John DiIulio, ‘Bring Back the Bureaucrats’

img_0244Bring Back the Bureaucrats is a small book (it’ll fit in a jacket pocket) with a big message. John DiIulio argues powerfully and persuasively that the main problem with US Government is not that it’s overbloated but that it’s understaffed. DiIulio takes aim at the false economy of preventing the federal government from hiring more bureaucrats, whilst it delivers its huge and increasingly complex programmes through a vast array of contractors, sub-contractors, and non-profit organisations, as well as state and local governments. It’s a thought provoking argument which has significant implications for the development business, as we too deliver more aid through a range of proxies from multilaterals to NGOs to private companies. 

There has been a lot of talk in the UK media in recent years about “foreign aid fat cats”. From the Mail on Sunday to the Guardian, journalists have argued that increasing amounts of UK aid is captured by large consulting firms, and fails to reach the world’s poorest. Arguments about this get heated: on the one side journalists argue that six figure salaries for people supposedly helping the poor can’t be justified, whilst others including the Independent Commission on Aid Impact (ICAI) have argued that private sector contractors “have delivered positive results at competitive fee rates”.

John DiIulio’s book gives these arguments some helpful context.
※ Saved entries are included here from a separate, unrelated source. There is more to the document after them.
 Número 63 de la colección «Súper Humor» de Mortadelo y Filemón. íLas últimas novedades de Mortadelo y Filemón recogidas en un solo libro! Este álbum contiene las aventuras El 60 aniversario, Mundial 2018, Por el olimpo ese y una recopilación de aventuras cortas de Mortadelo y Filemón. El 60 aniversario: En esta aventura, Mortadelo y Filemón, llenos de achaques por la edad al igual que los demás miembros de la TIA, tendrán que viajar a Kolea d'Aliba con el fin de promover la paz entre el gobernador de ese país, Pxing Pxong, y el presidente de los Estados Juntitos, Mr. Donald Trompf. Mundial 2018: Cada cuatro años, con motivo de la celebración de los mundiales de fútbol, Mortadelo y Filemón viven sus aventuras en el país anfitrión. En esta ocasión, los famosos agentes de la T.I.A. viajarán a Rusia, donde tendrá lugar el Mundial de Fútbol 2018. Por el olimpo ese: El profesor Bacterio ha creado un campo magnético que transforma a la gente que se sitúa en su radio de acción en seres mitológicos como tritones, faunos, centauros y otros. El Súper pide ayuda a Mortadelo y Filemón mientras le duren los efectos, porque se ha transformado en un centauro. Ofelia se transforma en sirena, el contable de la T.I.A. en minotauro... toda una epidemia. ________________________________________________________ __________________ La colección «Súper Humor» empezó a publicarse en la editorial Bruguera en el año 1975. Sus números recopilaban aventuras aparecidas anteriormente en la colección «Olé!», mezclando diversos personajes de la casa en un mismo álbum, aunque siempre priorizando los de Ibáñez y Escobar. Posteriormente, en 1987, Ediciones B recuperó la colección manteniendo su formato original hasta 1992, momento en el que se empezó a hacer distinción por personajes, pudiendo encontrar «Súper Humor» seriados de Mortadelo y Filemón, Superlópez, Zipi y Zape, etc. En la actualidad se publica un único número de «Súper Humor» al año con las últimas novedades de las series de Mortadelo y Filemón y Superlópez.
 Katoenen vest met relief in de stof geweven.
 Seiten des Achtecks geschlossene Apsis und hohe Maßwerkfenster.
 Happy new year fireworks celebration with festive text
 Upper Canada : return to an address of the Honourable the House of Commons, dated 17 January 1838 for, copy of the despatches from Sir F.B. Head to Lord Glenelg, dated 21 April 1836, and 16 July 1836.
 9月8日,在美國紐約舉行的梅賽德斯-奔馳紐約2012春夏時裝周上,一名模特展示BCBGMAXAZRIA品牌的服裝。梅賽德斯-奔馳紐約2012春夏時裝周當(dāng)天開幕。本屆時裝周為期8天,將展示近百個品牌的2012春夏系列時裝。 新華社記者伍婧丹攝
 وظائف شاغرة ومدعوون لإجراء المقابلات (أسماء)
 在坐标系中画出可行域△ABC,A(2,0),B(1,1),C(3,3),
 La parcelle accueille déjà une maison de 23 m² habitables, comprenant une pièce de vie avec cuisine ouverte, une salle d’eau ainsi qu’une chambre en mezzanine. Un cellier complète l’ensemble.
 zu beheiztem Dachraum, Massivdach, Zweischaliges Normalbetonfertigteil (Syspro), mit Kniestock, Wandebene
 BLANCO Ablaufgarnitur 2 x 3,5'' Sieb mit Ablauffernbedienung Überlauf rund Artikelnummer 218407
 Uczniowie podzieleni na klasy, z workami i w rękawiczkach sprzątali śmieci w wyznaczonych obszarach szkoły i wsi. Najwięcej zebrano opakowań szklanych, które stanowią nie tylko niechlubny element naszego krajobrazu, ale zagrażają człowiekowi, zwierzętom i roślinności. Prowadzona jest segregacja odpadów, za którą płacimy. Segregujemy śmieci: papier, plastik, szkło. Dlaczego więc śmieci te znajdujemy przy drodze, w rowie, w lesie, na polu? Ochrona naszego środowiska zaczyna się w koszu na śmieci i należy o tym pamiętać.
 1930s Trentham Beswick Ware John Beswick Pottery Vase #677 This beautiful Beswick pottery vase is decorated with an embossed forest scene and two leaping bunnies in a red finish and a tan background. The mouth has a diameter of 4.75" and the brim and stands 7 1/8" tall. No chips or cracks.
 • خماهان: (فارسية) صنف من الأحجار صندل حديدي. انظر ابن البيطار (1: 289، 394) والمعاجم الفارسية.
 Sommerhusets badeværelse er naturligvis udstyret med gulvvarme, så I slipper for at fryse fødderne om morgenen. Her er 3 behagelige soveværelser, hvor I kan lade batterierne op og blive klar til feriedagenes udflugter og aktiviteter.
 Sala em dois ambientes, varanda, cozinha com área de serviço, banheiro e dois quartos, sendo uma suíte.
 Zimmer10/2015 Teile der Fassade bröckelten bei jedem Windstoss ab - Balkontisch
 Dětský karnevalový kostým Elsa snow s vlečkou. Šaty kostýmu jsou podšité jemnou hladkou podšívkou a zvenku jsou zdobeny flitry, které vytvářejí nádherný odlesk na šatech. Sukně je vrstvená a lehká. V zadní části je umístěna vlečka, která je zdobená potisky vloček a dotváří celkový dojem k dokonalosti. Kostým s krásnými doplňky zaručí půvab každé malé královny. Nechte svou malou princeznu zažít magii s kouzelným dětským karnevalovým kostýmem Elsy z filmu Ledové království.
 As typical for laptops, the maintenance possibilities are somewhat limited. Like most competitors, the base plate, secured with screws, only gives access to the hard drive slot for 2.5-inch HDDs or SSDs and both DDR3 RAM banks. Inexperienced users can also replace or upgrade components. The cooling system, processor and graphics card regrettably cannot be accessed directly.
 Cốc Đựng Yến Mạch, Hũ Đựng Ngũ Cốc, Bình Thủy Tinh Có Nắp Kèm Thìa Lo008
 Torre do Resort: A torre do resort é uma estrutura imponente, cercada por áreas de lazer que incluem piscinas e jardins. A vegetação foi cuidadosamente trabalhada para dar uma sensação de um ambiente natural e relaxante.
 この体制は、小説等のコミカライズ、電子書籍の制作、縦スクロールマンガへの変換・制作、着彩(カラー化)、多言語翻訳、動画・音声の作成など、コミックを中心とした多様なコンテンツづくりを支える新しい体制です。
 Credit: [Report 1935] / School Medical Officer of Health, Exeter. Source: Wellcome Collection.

DiIulio is not concerned with the aid business specifically but the entirety of US Government. Also, he does not only review the role of private contractors, but that of much wider range of agents, including non-profit organisations and state and local governments. Dubbing the US Government ‘Leviathan by Proxy’, DiIulio shows how Government spending has increased over 5 times since 1960, from some $700 billion to over $3.5 trillion (adjusting for inflation) – whilst the number of federal civil servants has remained basically the same, hovering either side of 2 million. That number of civil servants may sound like a lot, but it is actually small in comparison to the sheer volume and complexity of US Government activity, DiIulio argues. More worryingly, this shortage of trained, professional civil servants has led to an explosion of government by proxy, as ever increasing amounts of Government funding are channelled through non-Government bodies. Civil Servants struggle to keep up with all the programmes they are legally bound to monitor.

DiIulio, unlike the aid journalists, is not mainly concerned about the salaries paid or the specific value for money provided by the agents he describes. He’s more concerned about the structural problems they create. Two points from his argument really struck me. The first is that, in DiIulio’s words, “the bureaucrats are not the proxies’ bosses”. Even though the proxies are accountable to civil servants for implementation of their specific grants or contracts, this is not the beginning and end of their accountability. In fact, private companies, non-profits and state governments all have head offices in Washington which seek to influence federal legislation and regulations in their own favour.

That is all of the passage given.